The data

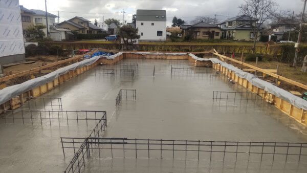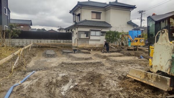 こちらは、現在基礎工事を行っている西蒲区の現場ですが、根切り・砕石敷きの作業を昨日終了しまして、捨コン打設を本日行いました。捨コンは型枠用の墨出しや型枠の固定や一体打ちの受け金具の固定以外にも鉄筋のかぶり厚さの確保や、のり面が崩れないようにするために必要です。冬場の作業で天候が心配ですが、工事がスムーズに進められるように基礎業者さんと調整して行こうと思います。
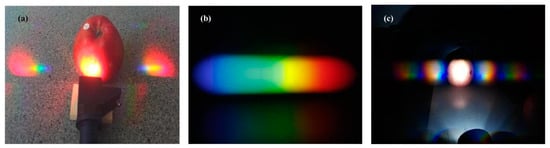 Diffraction gratings are an essential optical component in many fields such as spectroscopy, lasers techniques and optical communication. When polychromatic light reflects from or passes through a diffraction grating, it disperses into several rays travelling in different directions and each ray contains a unique wavelength or color. If we use a flashlight to illuminate an apple, spectra are generated on both sides of the apple which are severely dispersive (see Figure 2a). Diffraction grating can equidistantly slit a spectrum by wavelengths and produce rainbow color spectrum (also called rainbow, shown in Figure 2b) if a wide spectrum light source is being used. As different chemical elements (or compounds) have unique spectra which differ in the composition of the spectral lines, it is possible to detect the presence of a specific element by analyzing the intensity of a spectral line. In this paper, we choose a 60 × 40 nm diffraction grating sheet (less than 3 US dollars) as the experimental object. According to Figure 2c, rainbow images of an apple are generated via the diffraction grating sheet and their color spectra are symmetrically distributed.
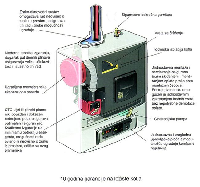 CTC950, kombinirani zidni uljni kotao star 5 god., 23.3 kW, cisterna plastična 1700 L, sve redovito servisirano sa kompletnim priborom.
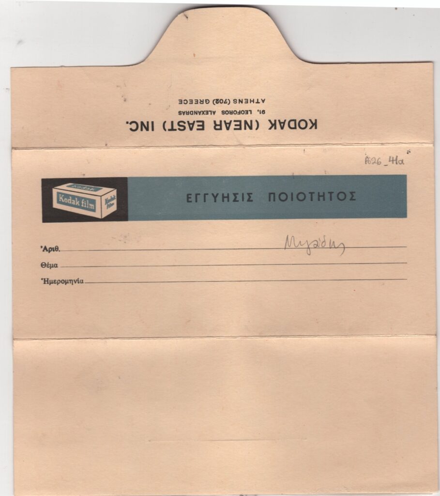 Φάκελος της εταιρίας Kodak στην Αθήνα που περιείχε τις διαφάνειες με αρ. GR TITSpit f626_41 έως GR TITSpit f626_46. Στην επιφάνεια του φακέλου επιγραφή.

Work to complete
Print the listing again exactly as it appears, except for the pictures, which stay out.

Solved problem
 こちらは、現在基礎工事を行っている西蒲区の現場ですが、根切り・砕石敷きの作業を昨日終了しまして、捨コン打設を本日行いました。捨コンは型枠用の墨出しや型枠の固定や一体打ちの受け金具の固定以外にも鉄筋のかぶり厚さの確保や、のり面が崩れないようにするために必要です。冬場の作業で天候が心配ですが、工事がスムーズに進められるように基礎業者さんと調整して行こうと思います。
 Diffraction gratings are an essential optical component in many fields such as spectroscopy, lasers techniques and optical communication. When polychromatic light reflects from or passes through a diffraction grating, it disperses into several rays travelling in different directions and each ray contains a unique wavelength or color. If we use a flashlight to illuminate an apple, spectra are generated on both sides of the apple which are severely dispersive (see Figure 2a). Diffraction grating can equidistantly slit a spectrum by wavelengths and produce rainbow color spectrum (also called rainbow, shown in Figure 2b) if a wide spectrum light source is being used. As different chemical elements (or compounds) have unique spectra which differ in the composition of the spectral lines, it is possible to detect the presence of a specific element by analyzing the intensity of a spectral line. In this paper, we choose a 60 × 40 nm diffraction grating sheet (less than 3 US dollars) as the experimental object. According to Figure 2c, rainbow images of an apple are generated via the diffraction grating sheet and their color spectra are symmetrically distributed.
 CTC950, kombinirani zidni uljni kotao star 5 god., 23.3 kW, cisterna plastična 1700 L, sve redovito servisirano sa kompletnim priborom.
 Φάκελος της εταιρίας Kodak στην Αθήνα που περιείχε τις διαφάνειες με αρ. GR TITSpit f626_41 έως GR TITSpit f626_46. Στην επιφάνεια του φακέλου επιγραφή.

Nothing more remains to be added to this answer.